> _WORK TO COMPLETE_: Reproduce exactly the line with "Reggae Music |" and every line that follows it below, up to and including the last one. Do not include pictures or anything else.

DATASET ENTRIES Start Marker

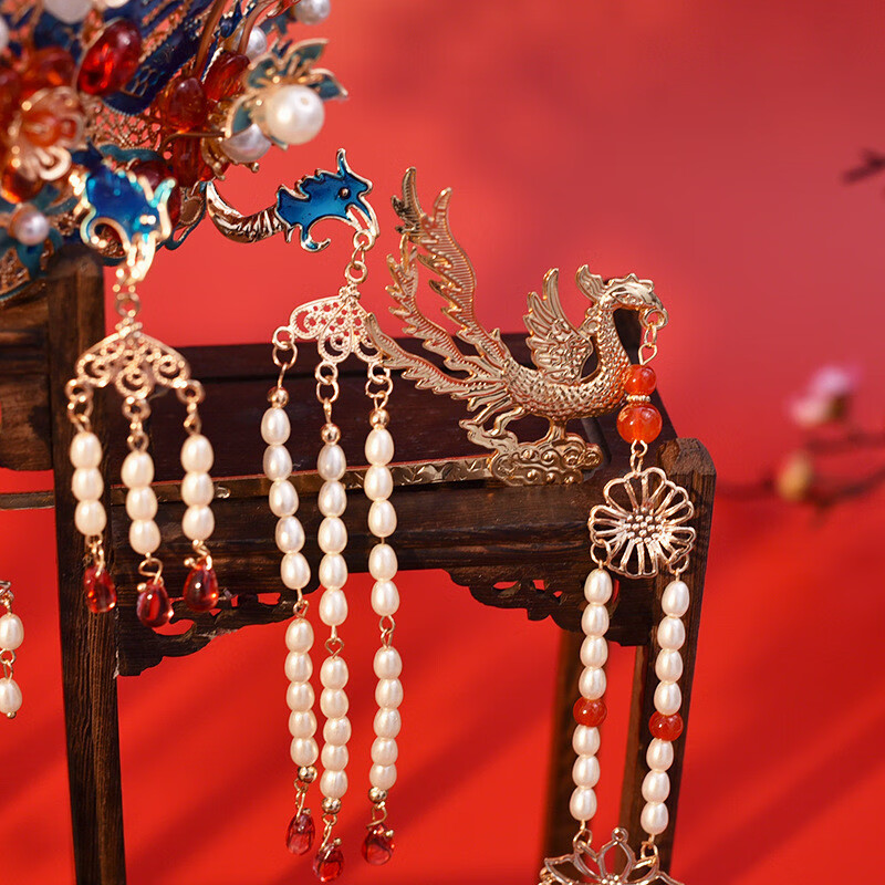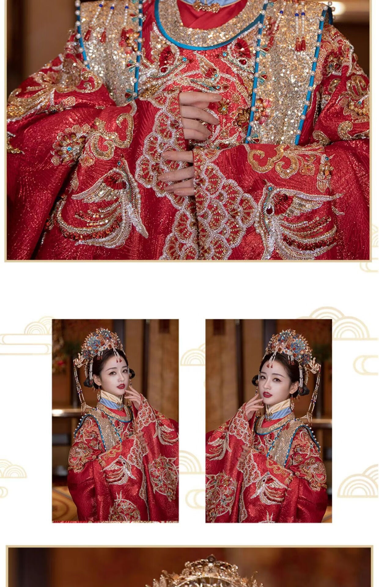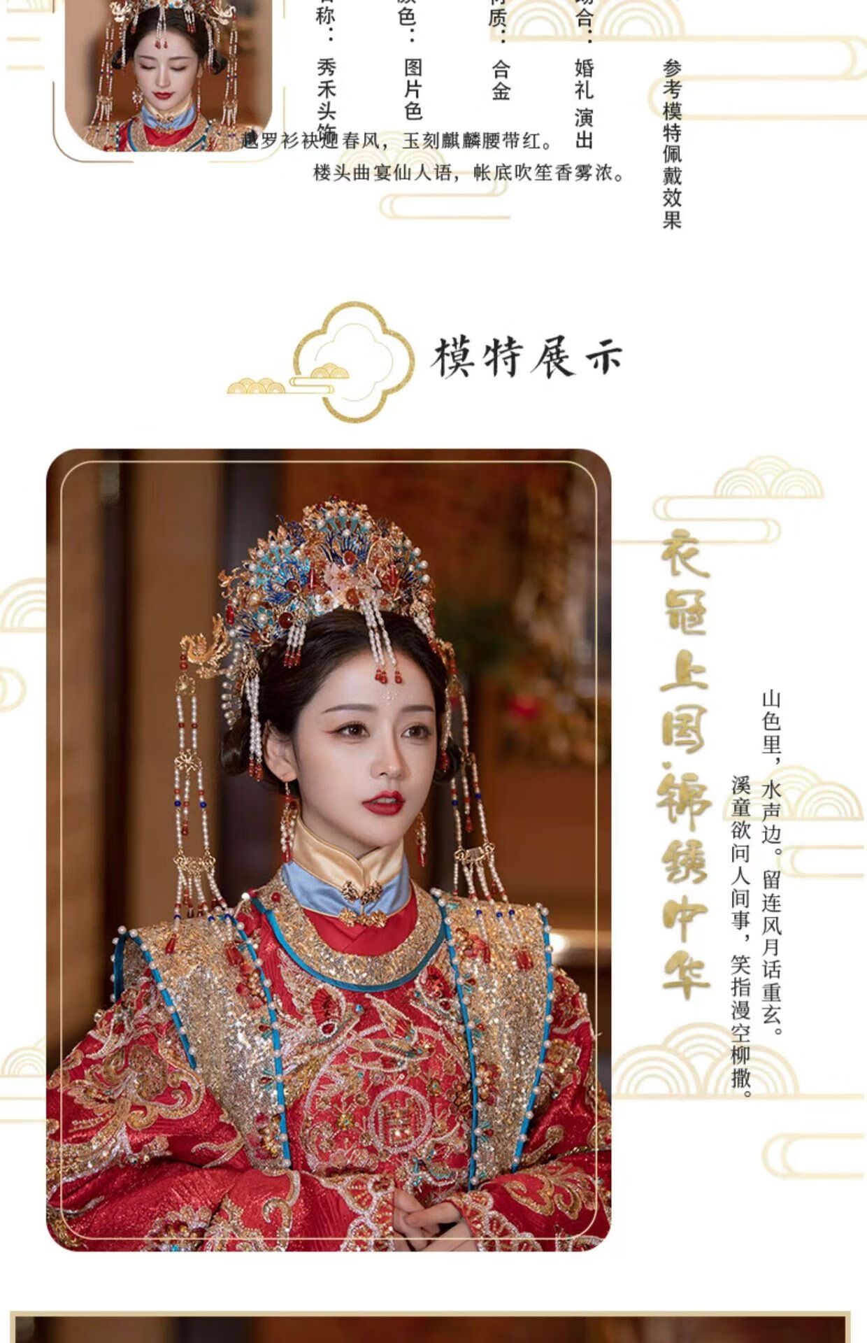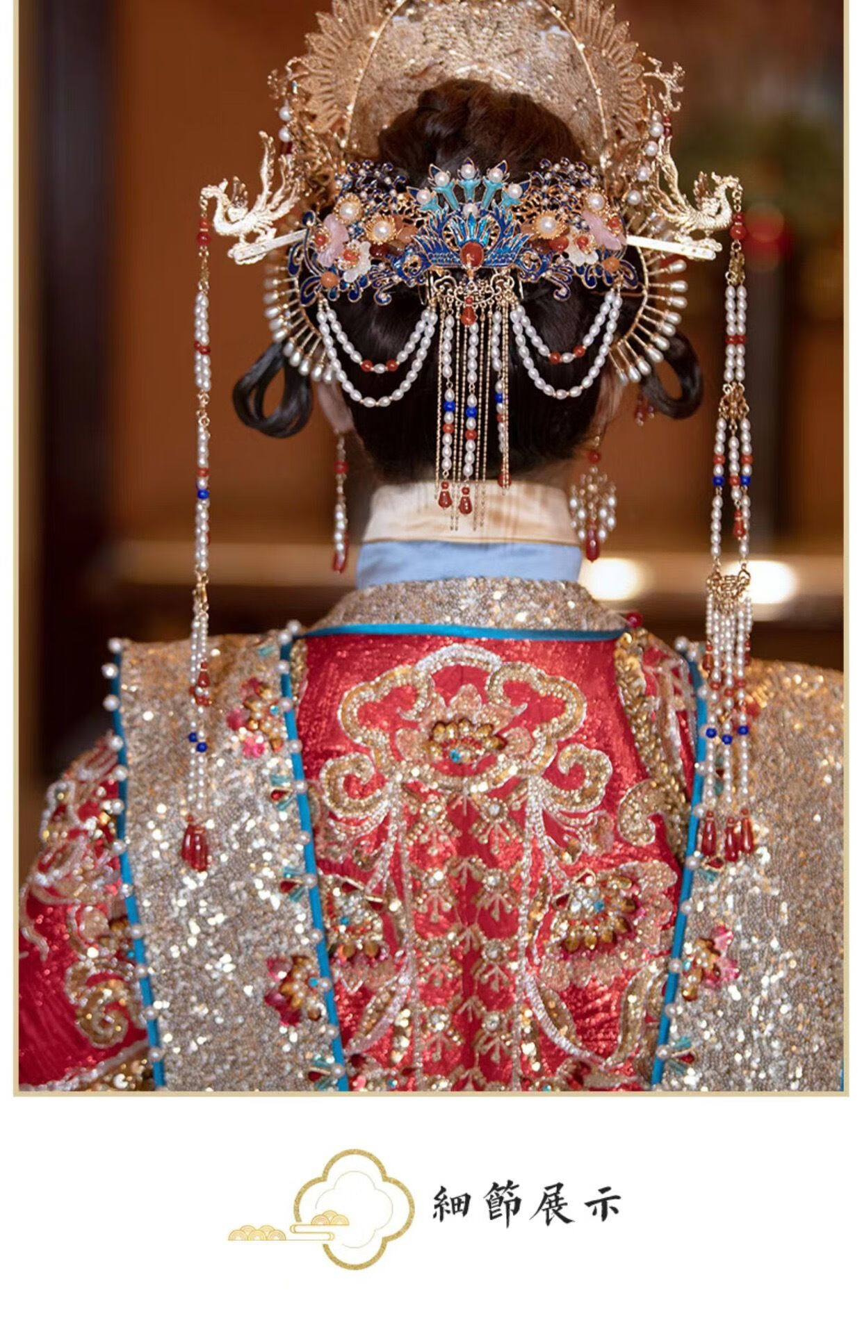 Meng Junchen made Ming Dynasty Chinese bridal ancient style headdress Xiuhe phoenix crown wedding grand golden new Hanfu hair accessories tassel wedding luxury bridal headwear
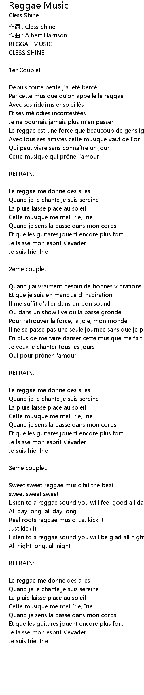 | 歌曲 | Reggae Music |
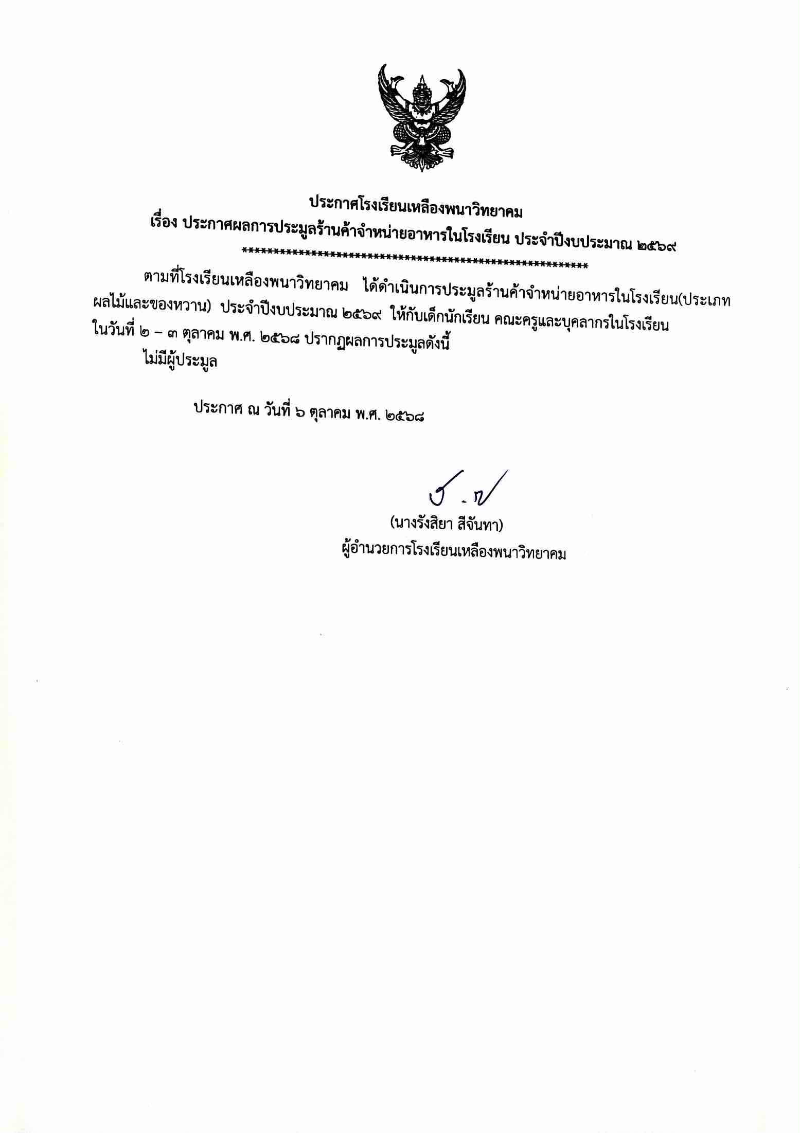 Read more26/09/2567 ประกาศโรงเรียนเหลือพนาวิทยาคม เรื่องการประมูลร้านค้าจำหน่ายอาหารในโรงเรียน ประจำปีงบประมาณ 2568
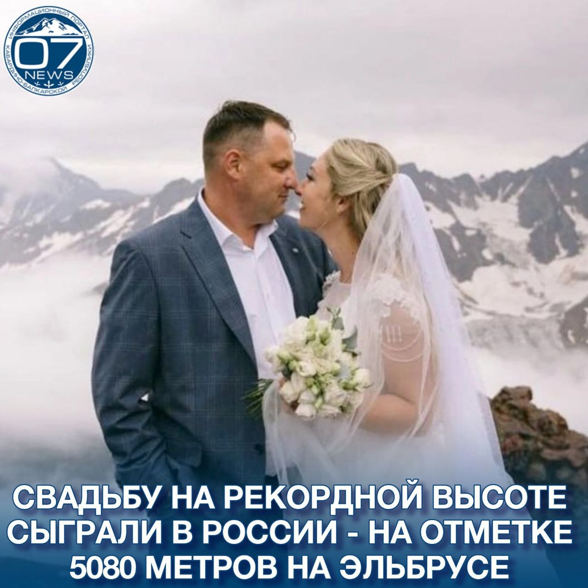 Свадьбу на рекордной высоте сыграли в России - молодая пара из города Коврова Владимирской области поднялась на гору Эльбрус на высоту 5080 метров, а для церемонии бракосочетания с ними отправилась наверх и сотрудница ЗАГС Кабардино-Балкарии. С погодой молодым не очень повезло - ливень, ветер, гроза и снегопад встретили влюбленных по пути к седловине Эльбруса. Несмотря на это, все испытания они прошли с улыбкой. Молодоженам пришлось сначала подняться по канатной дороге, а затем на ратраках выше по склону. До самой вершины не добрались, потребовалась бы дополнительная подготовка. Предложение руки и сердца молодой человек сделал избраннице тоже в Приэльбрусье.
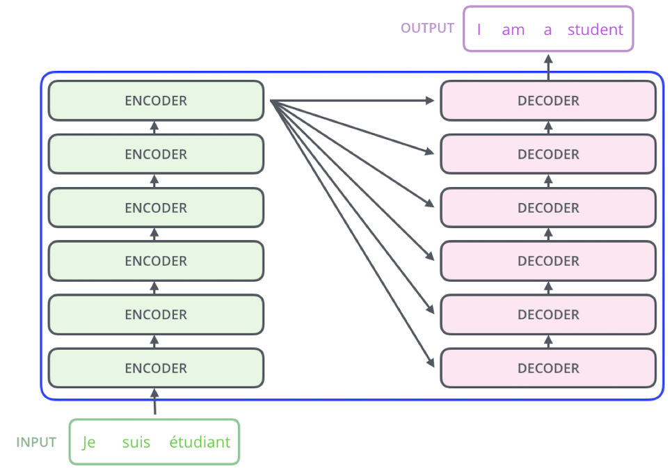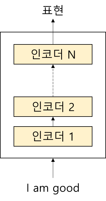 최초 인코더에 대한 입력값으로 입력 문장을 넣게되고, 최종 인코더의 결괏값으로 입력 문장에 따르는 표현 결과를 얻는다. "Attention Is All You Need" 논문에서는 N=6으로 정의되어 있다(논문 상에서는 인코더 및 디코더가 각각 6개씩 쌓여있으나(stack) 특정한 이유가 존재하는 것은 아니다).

DATASET ENTRIES End Marker

> _SOLUTION TO THIS PROBLEM_:
 | 歌曲 | Reggae Music |
 Read more26/09/2567 ประกาศโรงเรียนเหลือพนาวิทยาคม เรื่องการประมูลร้านค้าจำหน่ายอาหารในโรงเรียน ประจำปีงบประมาณ 2568
 Свадьбу на рекордной высоте сыграли в России - молодая пара из города Коврова Владимирской области поднялась на гору Эльбрус на высоту 5080 метров, а для церемонии бракосочетания с ними отправилась наверх и сотрудница ЗАГС Кабардино-Балкарии. С погодой молодым не очень повезло - ливень, ветер, гроза и снегопад встретили влюбленных по пути к седловине Эльбруса. Несмотря на это, все испытания они прошли с улыбкой. Молодоженам пришлось сначала подняться по канатной дороге, а затем на ратраках выше по склону. До самой вершины не добрались, потребовалась бы дополнительная подготовка. Предложение руки и сердца молодой человек сделал избраннице тоже в Приэльбрусье.
 최초 인코더에 대한 입력값으로 입력 문장을 넣게되고, 최종 인코더의 결괏값으로 입력 문장에 따르는 표현 결과를 얻는다. "Attention Is All You Need" 논문에서는 N=6으로 정의되어 있다(논문 상에서는 인코더 및 디코더가 각각 6개씩 쌓여있으나(stack) 특정한 이유가 존재하는 것은 아니다).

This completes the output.